Mike Kravetz <mike.kravetz@xxxxxxxxxx> · Mon, 31 Aug 2020 14:44:40 -0700

On 8/30/20 7:04 AM, Li Xinhai wrote:
> Since commit cf11e85fc08cc6a4 ("mm: hugetlb: optionally allocate gigantic
> hugepages using cma"), the gigantic page would be allocated from node
> which is not the preferred node, although there are pages available from
> that node. The reason is that the nid parameter has been ignored in
> alloc_gigantic_page().
> 
> After this patch, the preferred node is tried first before other allowed
> nodes.

Thank you!
This is an issue that needs to be fixed.

> Fixes: cf11e85fc08cc6a4 ("mm: hugetlb: optionally allocate gigantic hugepages using cma")
> Cc: Roman Gushchin <guro@xxxxxx>
> Cc: Mike Kravetz <mike.kravetz@xxxxxxxxxx>
> Cc: Michal Hocko <mhocko@xxxxxxxxxx>
> Signed-off-by: Li Xinhai <lixinhai.lxh@xxxxxxxxx>
> ---
>  mm/hugetlb.c | 9 ++++++++-
>  1 file changed, 8 insertions(+), 1 deletion(-)
> 
> diff --git a/mm/hugetlb.c b/mm/hugetlb.c
> index a301c2d672bf..4a28b8853d47 100644
> --- a/mm/hugetlb.c
> +++ b/mm/hugetlb.c
> @@ -1256,8 +1256,15 @@ static struct page *alloc_gigantic_page(struct hstate *h, gfp_t gfp_mask,
>  		struct page *page;
>  		int node;
>  
> +		if (hugetlb_cma[nid]) {
> +			page = cma_alloc(hugetlb_cma[nid], nr_pages,
> +					huge_page_order(h), true);
> +			if (page)
> +				return page;
> +		}
> +

When looking at your changes, I noticed that this code for allocation
from CMA does not take gfp_mask into account.  The 'normal' use case
is to allocate pool pages with something similar to:

echo 16 > /sys/kernel/mm/hugepages/hugepages-1048576kB/nr_hugepages

The routine alloc_pool_huge_page will try to interleave pages among nodes:

	...
        gfp_t gfp_mask = htlb_alloc_mask(h) | __GFP_THISNODE;

        for_each_node_mask_to_alloc(h, nr_nodes, node, nodes_allowed) {
	...

which will eventually call alloc_gigantic_page.  If __GFP_THISNODE is
set we really do not want to execute the below for loop in alloc_gigantic_page.

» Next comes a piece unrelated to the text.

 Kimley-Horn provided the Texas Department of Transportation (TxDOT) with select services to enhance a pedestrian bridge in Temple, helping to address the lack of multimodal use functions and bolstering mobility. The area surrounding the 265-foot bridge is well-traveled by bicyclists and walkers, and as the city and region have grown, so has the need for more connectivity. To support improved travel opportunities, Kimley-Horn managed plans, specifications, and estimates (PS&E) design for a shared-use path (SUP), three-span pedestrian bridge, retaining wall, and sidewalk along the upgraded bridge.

I think the convention in the mm code is that only the lowest level
allocation routines should interpret the GFP flags.  We may need to make
an exception here and check for __GFP_THISNODE.

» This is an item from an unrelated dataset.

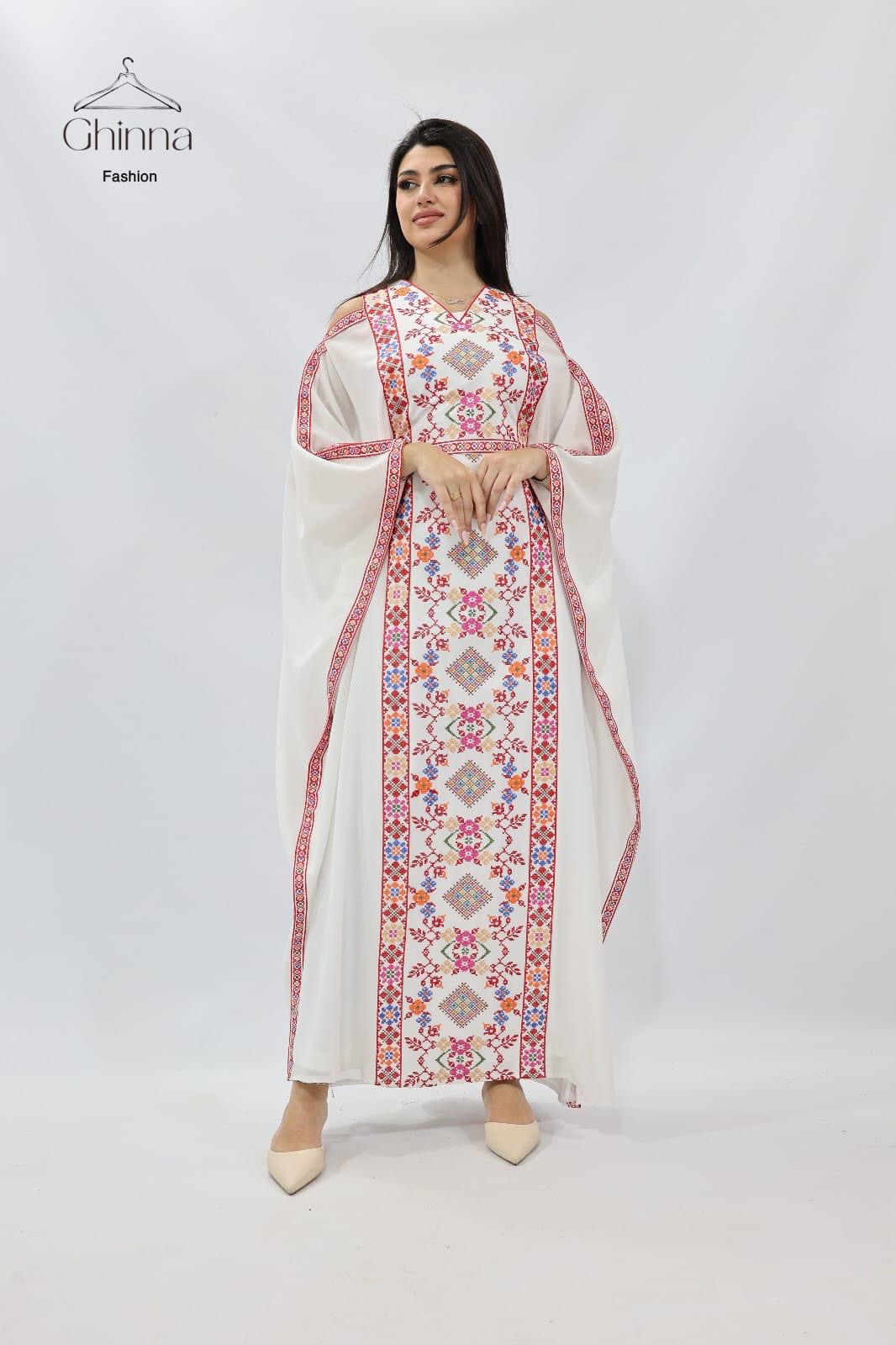 The Sahar Bloom embodies grace and culture with its pure white fabric and delicate pink and red embroidery. Ideal for bridal showers, henna nights, Ramadan iftars, and wedding celebrations, this traditional Middle Eastern dress brings timeless beauty to every special moment.

Michal would be the best person to comment and perhaps make a recommendation.

-- 
Mike Kravetz

>  		for_each_node_mask(node, *nodemask) {
> -			if (!hugetlb_cma[node])
> +			if (node == nid || !hugetlb_cma[node])
>  				continue;
>  
>  			page = cma_alloc(hugetlb_cma[node], nr_pages,
>